WHAT NEEDS TO BE DONE :: Only one stretch of the material below is wanted: everything from the line containing "In anticipation for" down to the line containing "图1. a ~ d 分别展示了在36.87°、22.62°以及30°的等效热导率空间分布;e.", both ends included. Repeat it exactly and skip the pictures.

BEGIN MATERIAL FOR THE TASK

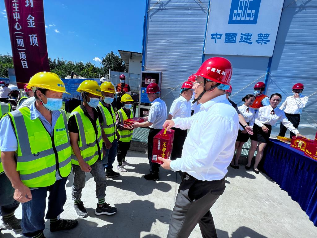 封顶仪式由党委书记甘昭平主持,院长魏海龙介绍工程建设情况并致欢迎辞,中建集团领导库学忠介绍了项目最新进度。省发改委、省财政厅、省卫健委、长安区政府、驻地街办及中国建筑第八工程局有限公司等相关单位领导嘉宾出席封顶仪式,并对项目进行实地参观、慰问工友代表。
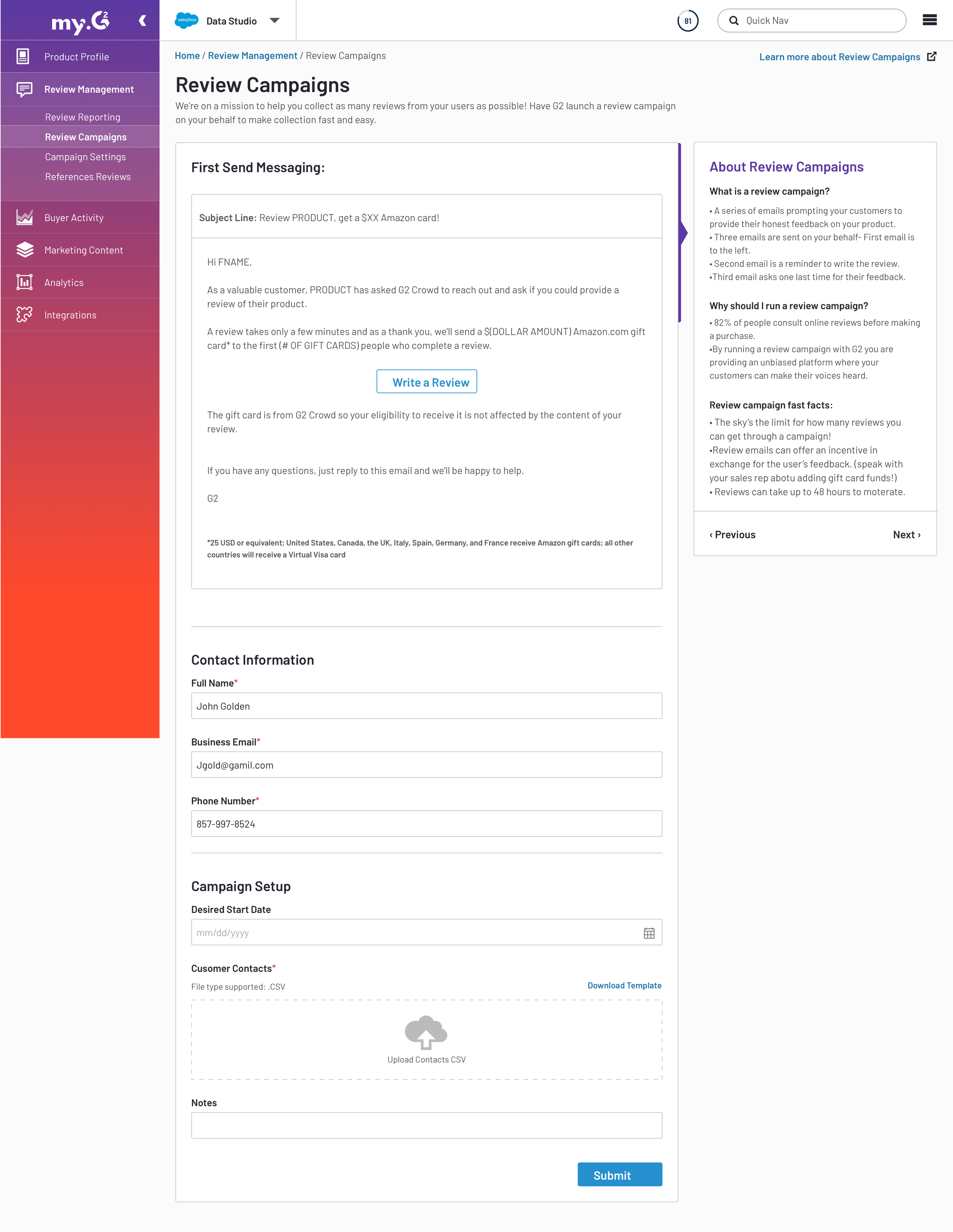 I consulted with one of the managers of the Outreach team to confirm every bit of information they need in order to fulfill the review campaign request to avoid as much back and forth between G2 and the user.
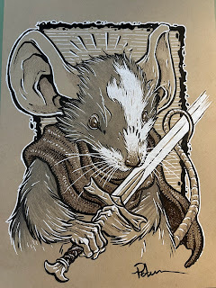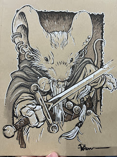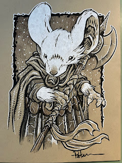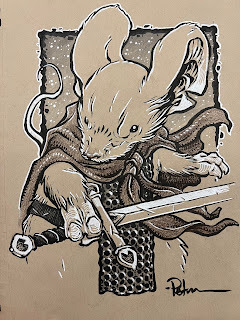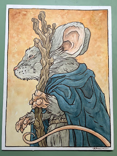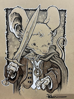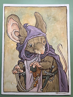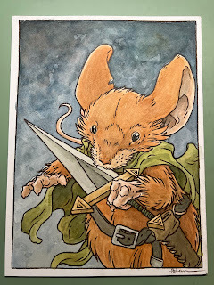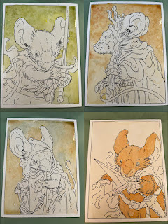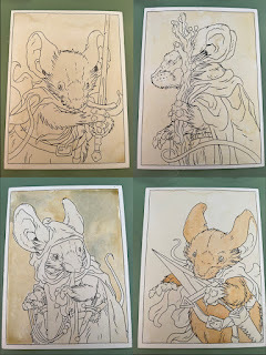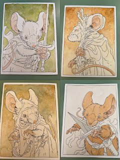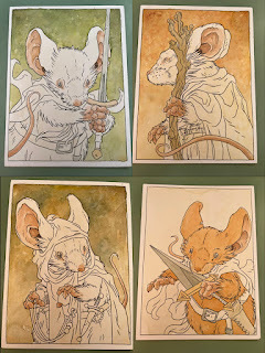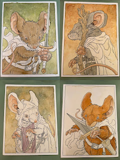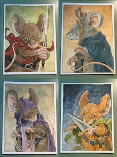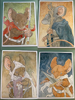 In anticipation for SDCC 2023, I painted four Mouse Guard watercolor portraits of Saxon, Kenzie, Sadie, & Lieam. I had some cut-offs from trimming down the boards from my large HeroesCon watercolors of the Gummi Bears & Ducktales (http://davidpetersen.blogspot.com/2023/06/heroes-con-2023-paintings.html).
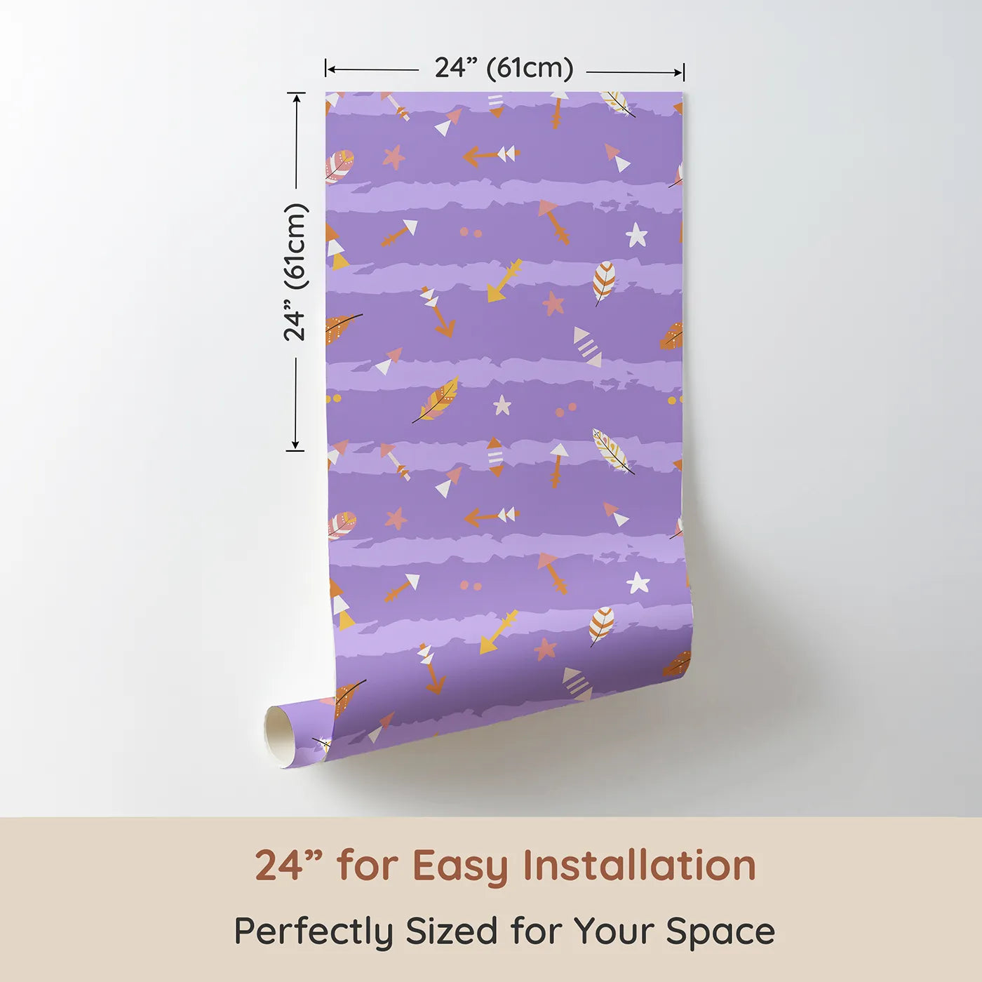 This enchanting wallpaper for girls features a whimsical dance of boho feathers, arrows, and stars on a dreamy lavender striped background. The soft pastel palette creates a calming and magical atmosphere, perfect for a nursery or a little girl's bedroom, inviting sweet dreams and imaginative thoughts.
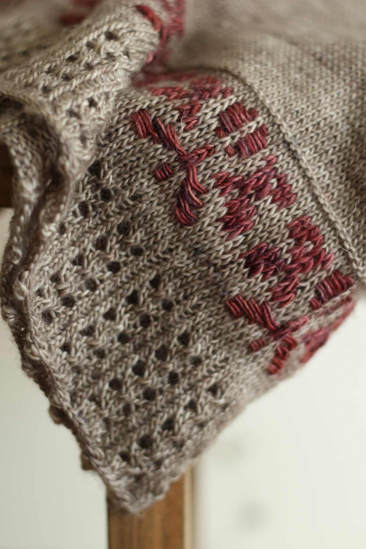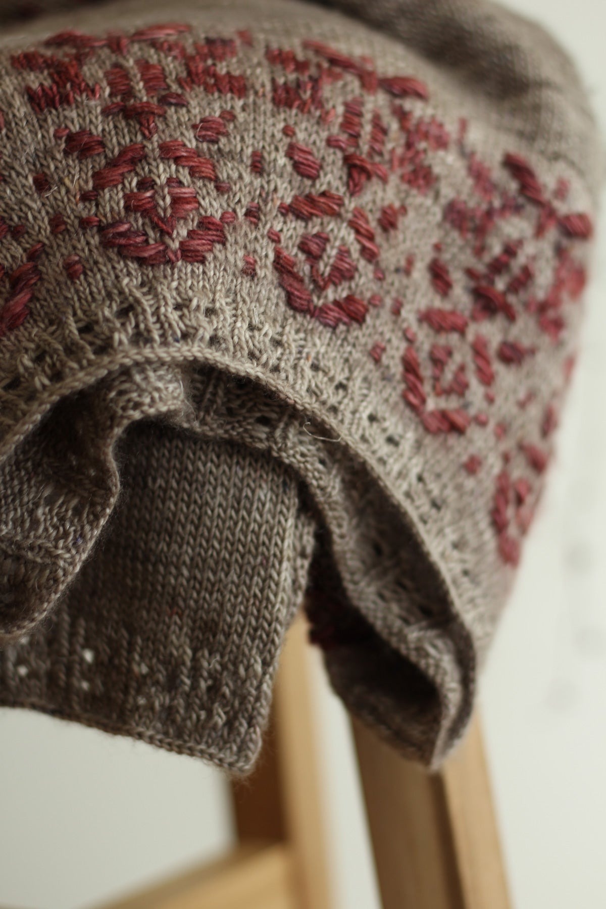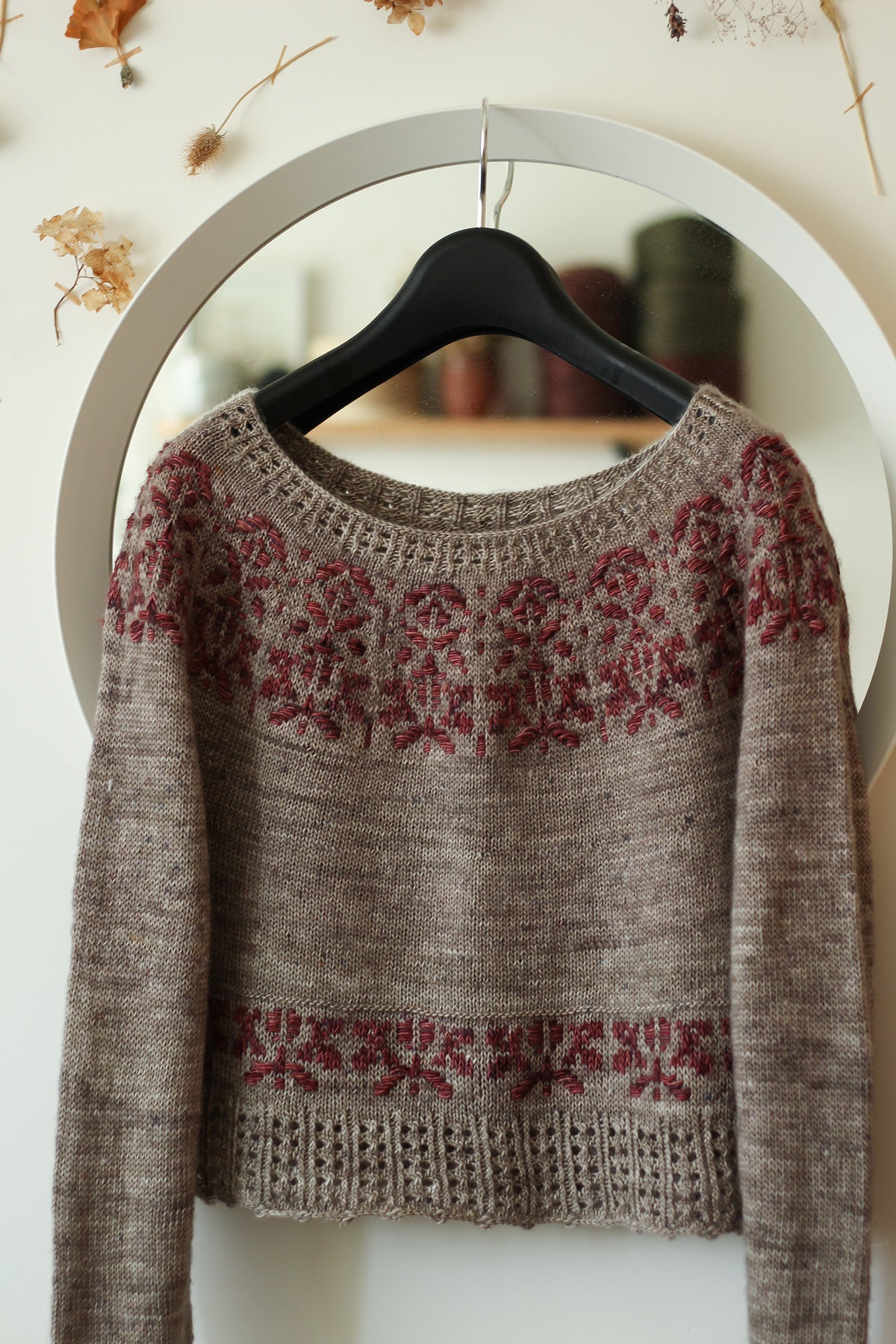 I designed a light cropped pullover using a fingering weight mix of merino wool with linen, with a round yoke with floral stranded colourwork featuring a pattern of floats on the right side and a delicate lace trimming along the neck, cuffs and hem. The pullover is worked top down in the round.
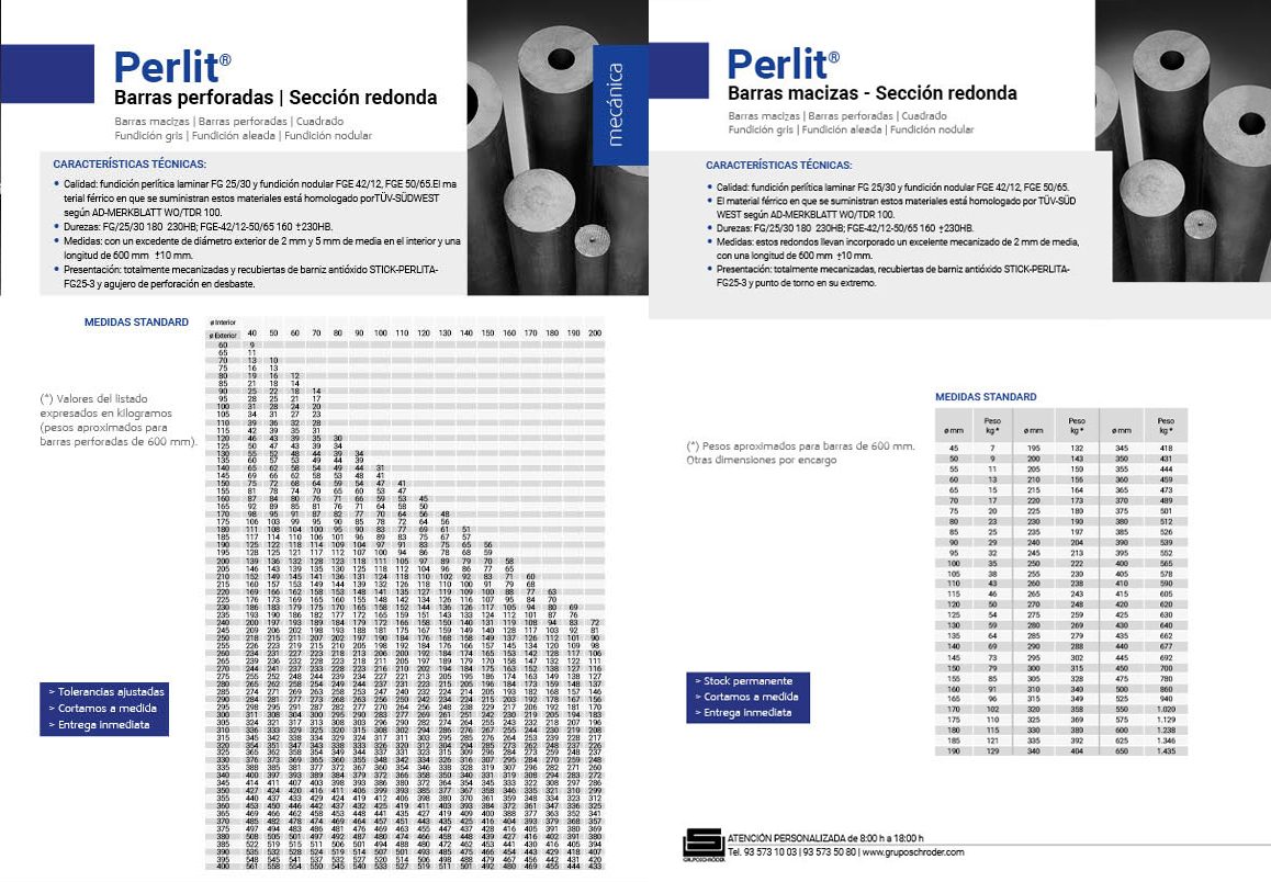 - Presentación: totalmente mecanizadas y recubiertas de barniz antióxido STICK-PERLITA-FG25-3 y agujero de perforación en desbaste.
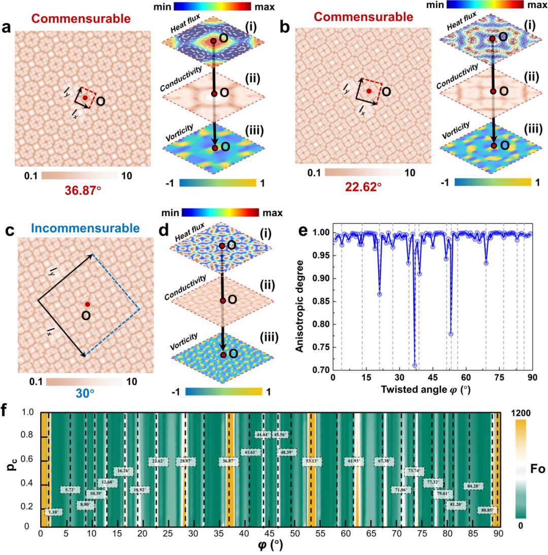 图1. a ~ d 分别展示了在36.87°、22.62°以及30°的等效热导率空间分布;e. 双波矢调控诱导的非对称各向异性程度;f. 不同转角与相对热导率下的傅里叶数分布。
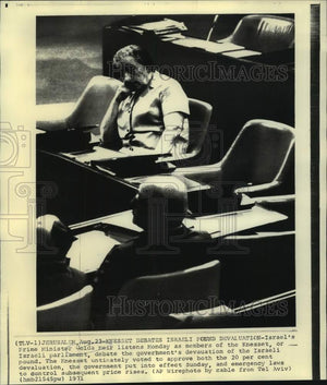 Israel's Prime Minister Golda Meir listens Monday as members of the Knesset, or Israeli parliament, debate the government's devaluation of the Israeli pound. The Knesset ultimately voted to approve both the 20 per cent devaluation, the government put into effect Sunday, and emergency laws to control subsequent price rises.
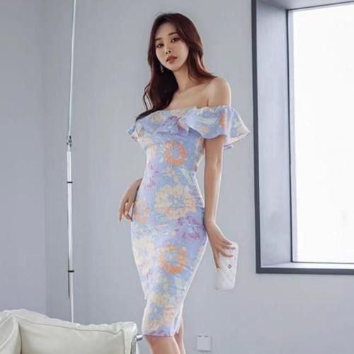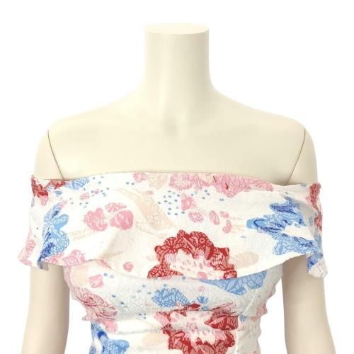 タグ:#ミディアムドレス #オフショルダー  #タイト #ブルー系 #ホワイト系

END MATERIAL FOR THE TASK

RESPONSE TO THE TASK ::
 In anticipation for SDCC 2023, I painted four Mouse Guard watercolor portraits of Saxon, Kenzie, Sadie, & Lieam. I had some cut-offs from trimming down the boards from my large HeroesCon watercolors of the Gummi Bears & Ducktales (http://davidpetersen.blogspot.com/2023/06/heroes-con-2023-paintings.html).
 This enchanting wallpaper for girls features a whimsical dance of boho feathers, arrows, and stars on a dreamy lavender striped background. The soft pastel palette creates a calming and magical atmosphere, perfect for a nursery or a little girl's bedroom, inviting sweet dreams and imaginative thoughts.
 I designed a light cropped pullover using a fingering weight mix of merino wool with linen, with a round yoke with floral stranded colourwork featuring a pattern of floats on the right side and a delicate lace trimming along the neck, cuffs and hem. The pullover is worked top down in the round.
 - Presentación: totalmente mecanizadas y recubiertas de barniz antióxido STICK-PERLITA-FG25-3 y agujero de perforación en desbaste.
 图1. a ~ d 分别展示了在36.87°、22.62°以及30°的等效热导率空间分布;e. 双波矢调控诱导的非对称各向异性程度;f. 不同转角与相对热导率下的傅里叶数分布。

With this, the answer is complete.